→ **TASK DETAILS**
Return only the lines of the data below from the line with "Réalisée en acier" up to and including the line with "A borítóhoz Silhouette", exactly as written, with the pictures omitted.

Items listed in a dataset
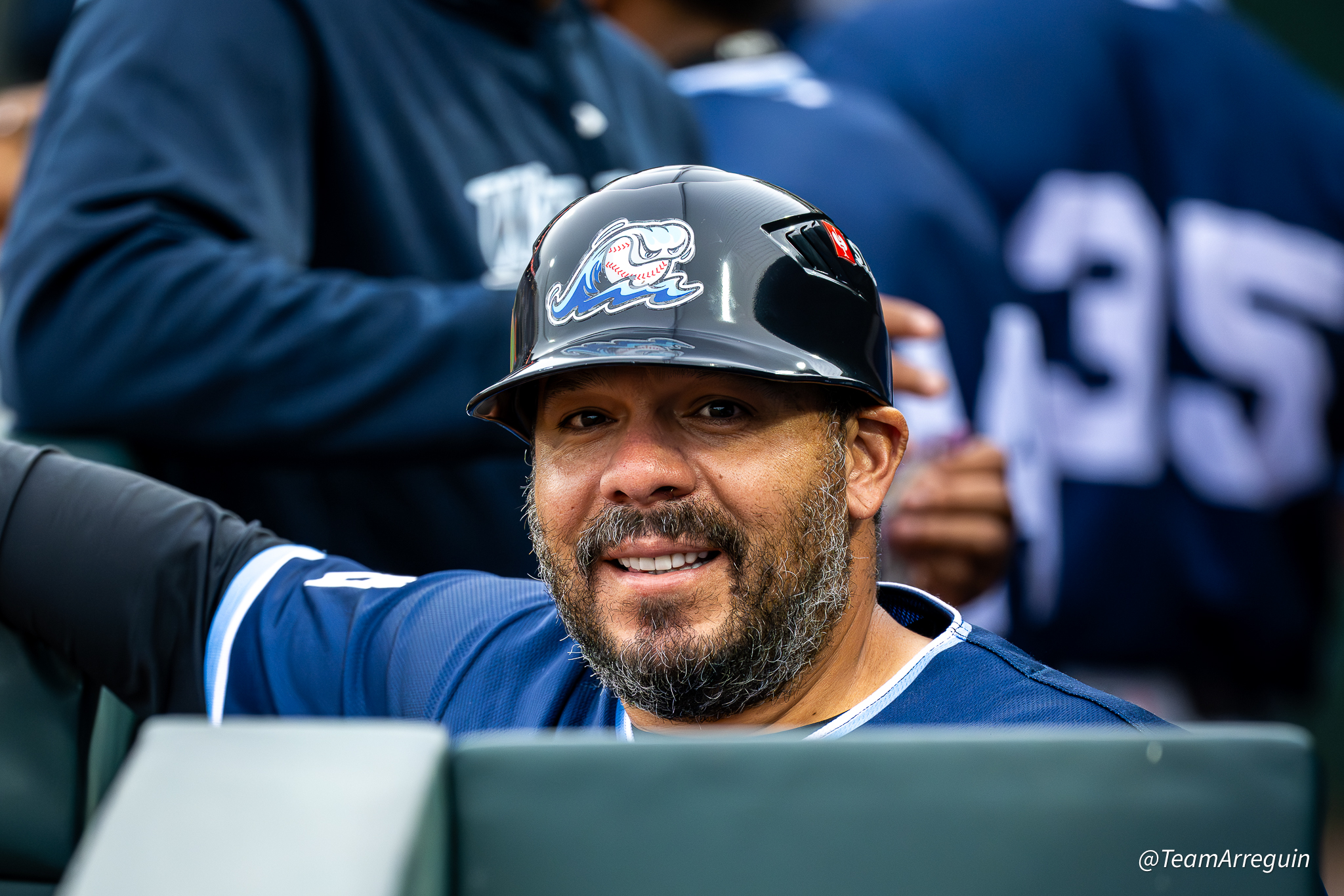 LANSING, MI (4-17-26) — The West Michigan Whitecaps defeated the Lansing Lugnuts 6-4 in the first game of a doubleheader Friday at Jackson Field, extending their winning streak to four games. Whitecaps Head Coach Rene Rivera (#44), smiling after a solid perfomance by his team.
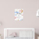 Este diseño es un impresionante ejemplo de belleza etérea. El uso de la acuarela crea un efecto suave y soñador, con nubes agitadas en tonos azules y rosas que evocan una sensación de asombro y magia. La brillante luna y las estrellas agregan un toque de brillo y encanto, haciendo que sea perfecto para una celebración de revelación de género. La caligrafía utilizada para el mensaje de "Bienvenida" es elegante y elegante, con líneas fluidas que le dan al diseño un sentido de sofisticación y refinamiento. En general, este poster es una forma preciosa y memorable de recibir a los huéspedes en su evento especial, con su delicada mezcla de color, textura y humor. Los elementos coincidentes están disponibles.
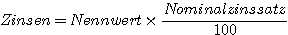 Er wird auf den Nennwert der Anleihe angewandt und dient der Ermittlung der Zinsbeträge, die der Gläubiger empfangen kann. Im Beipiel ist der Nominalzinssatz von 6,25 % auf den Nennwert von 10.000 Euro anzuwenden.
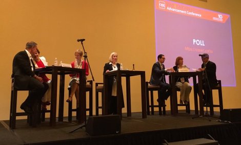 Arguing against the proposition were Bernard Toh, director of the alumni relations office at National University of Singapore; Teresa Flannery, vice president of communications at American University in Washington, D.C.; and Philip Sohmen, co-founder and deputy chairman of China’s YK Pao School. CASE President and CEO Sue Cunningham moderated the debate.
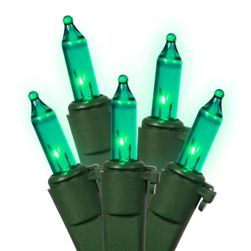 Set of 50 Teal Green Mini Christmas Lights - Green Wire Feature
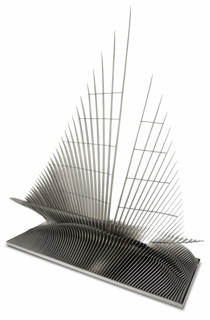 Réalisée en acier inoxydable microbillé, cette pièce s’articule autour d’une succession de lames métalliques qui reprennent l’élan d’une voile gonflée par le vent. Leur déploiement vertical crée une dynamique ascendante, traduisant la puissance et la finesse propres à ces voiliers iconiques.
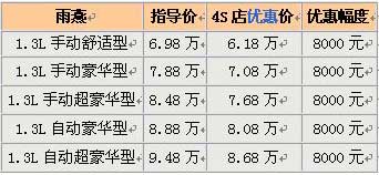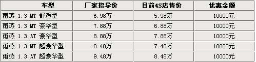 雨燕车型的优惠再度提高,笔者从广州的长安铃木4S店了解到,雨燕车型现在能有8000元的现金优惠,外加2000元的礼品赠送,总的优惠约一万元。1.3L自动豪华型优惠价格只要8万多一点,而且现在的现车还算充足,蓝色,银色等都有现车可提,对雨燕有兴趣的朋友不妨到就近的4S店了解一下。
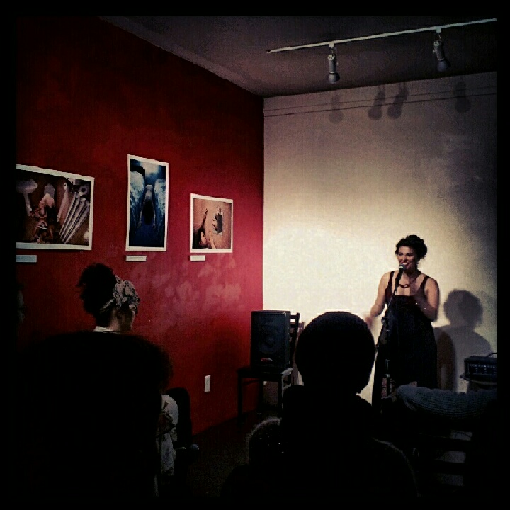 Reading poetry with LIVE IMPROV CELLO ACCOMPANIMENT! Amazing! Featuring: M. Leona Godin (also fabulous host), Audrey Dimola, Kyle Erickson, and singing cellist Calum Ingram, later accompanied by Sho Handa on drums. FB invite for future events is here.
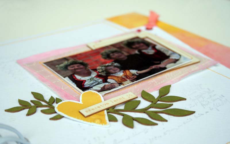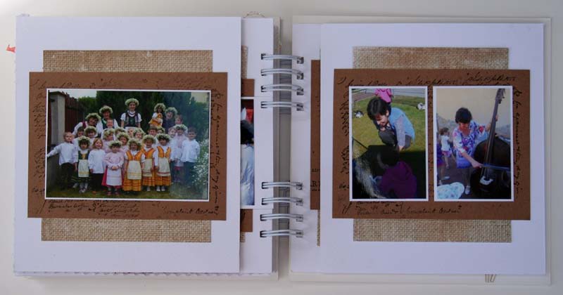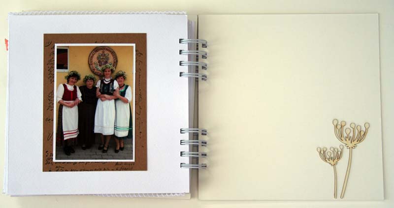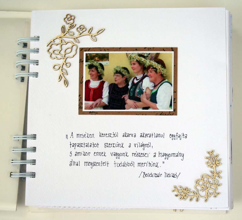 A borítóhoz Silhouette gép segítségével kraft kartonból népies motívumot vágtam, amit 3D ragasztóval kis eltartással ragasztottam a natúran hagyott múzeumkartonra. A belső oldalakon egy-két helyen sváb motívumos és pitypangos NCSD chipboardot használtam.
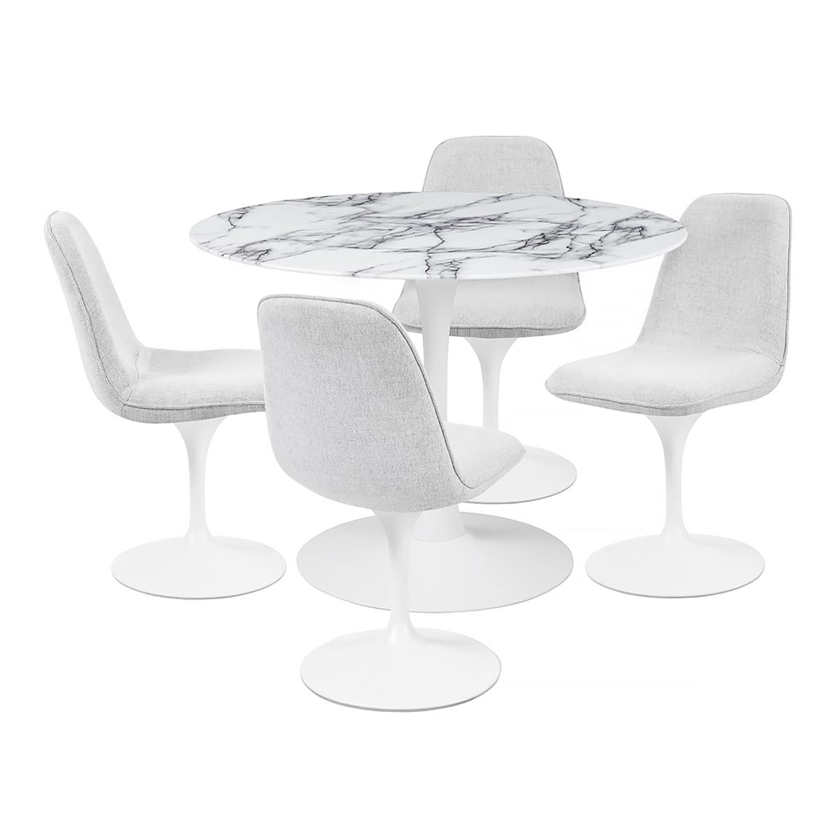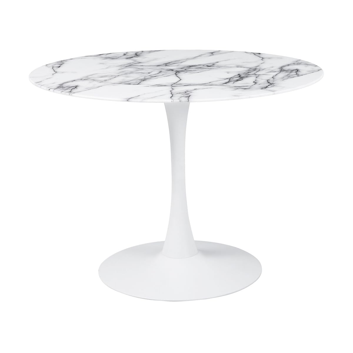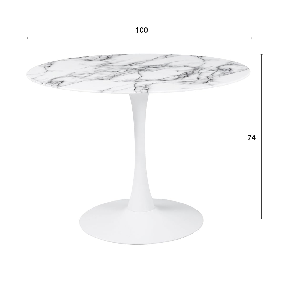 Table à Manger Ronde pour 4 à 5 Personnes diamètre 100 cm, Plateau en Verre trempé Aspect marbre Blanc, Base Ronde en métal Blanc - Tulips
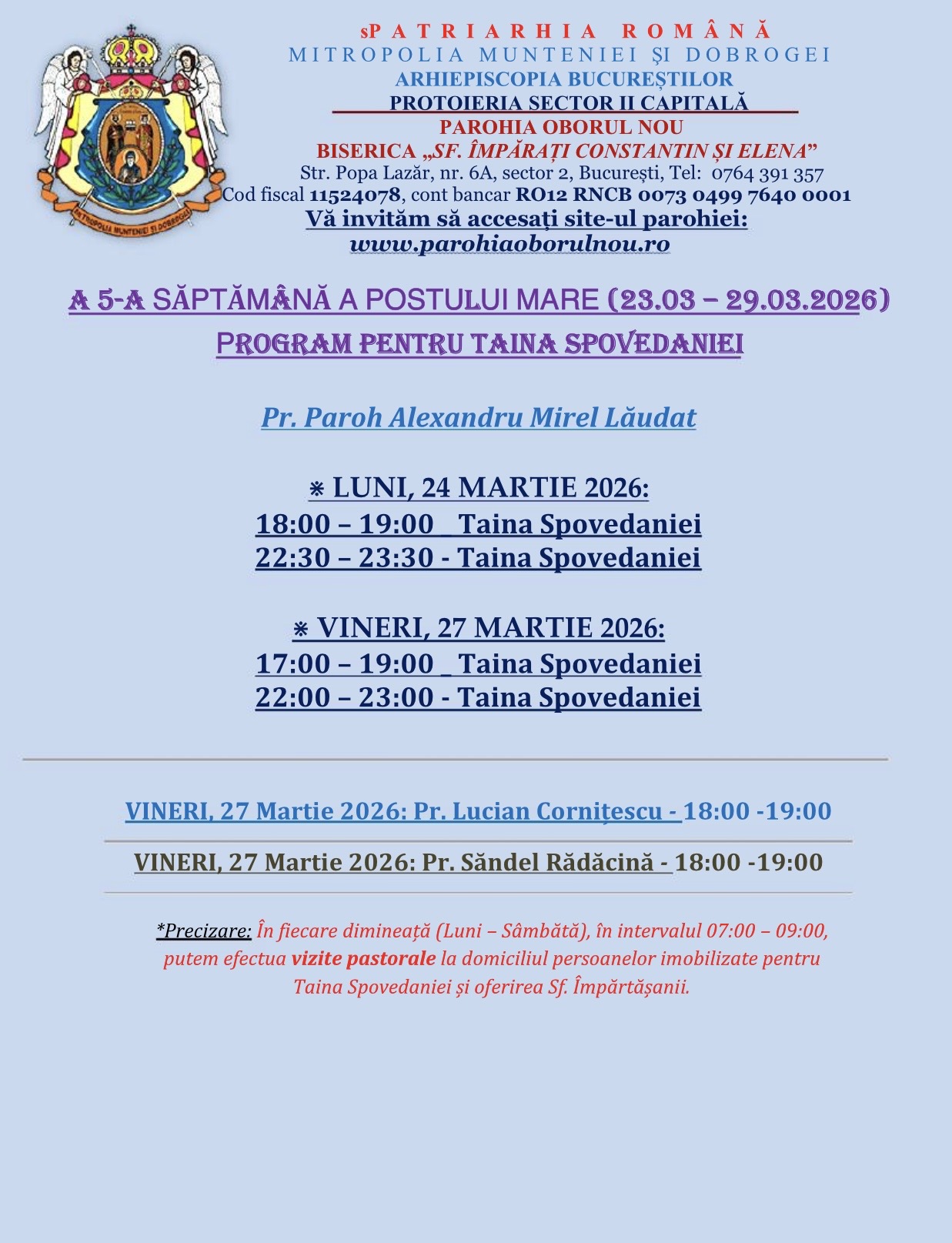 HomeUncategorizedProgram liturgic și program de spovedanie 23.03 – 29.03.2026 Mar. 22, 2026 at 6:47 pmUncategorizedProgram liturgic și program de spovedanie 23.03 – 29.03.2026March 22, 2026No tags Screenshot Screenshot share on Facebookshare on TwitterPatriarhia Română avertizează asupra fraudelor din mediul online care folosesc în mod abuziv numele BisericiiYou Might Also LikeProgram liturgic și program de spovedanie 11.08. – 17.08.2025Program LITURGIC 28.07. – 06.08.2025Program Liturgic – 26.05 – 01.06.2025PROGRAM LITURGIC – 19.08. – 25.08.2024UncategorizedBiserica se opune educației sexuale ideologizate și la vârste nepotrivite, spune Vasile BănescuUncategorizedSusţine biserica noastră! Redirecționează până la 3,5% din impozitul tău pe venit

→ **ANSWER TO THIS TASK**
 Réalisée en acier inoxydable microbillé, cette pièce s’articule autour d’une succession de lames métalliques qui reprennent l’élan d’une voile gonflée par le vent. Leur déploiement vertical crée une dynamique ascendante, traduisant la puissance et la finesse propres à ces voiliers iconiques.
 雨燕车型的优惠再度提高,笔者从广州的长安铃木4S店了解到,雨燕车型现在能有8000元的现金优惠,外加2000元的礼品赠送,总的优惠约一万元。1.3L自动豪华型优惠价格只要8万多一点,而且现在的现车还算充足,蓝色,银色等都有现车可提,对雨燕有兴趣的朋友不妨到就近的4S店了解一下。
 Reading poetry with LIVE IMPROV CELLO ACCOMPANIMENT! Amazing! Featuring: M. Leona Godin (also fabulous host), Audrey Dimola, Kyle Erickson, and singing cellist Calum Ingram, later accompanied by Sho Handa on drums. FB invite for future events is here.
 A borítóhoz Silhouette gép segítségével kraft kartonból népies motívumot vágtam, amit 3D ragasztóval kis eltartással ragasztottam a natúran hagyott múzeumkartonra. A belső oldalakon egy-két helyen sváb motívumos és pitypangos NCSD chipboardot használtam.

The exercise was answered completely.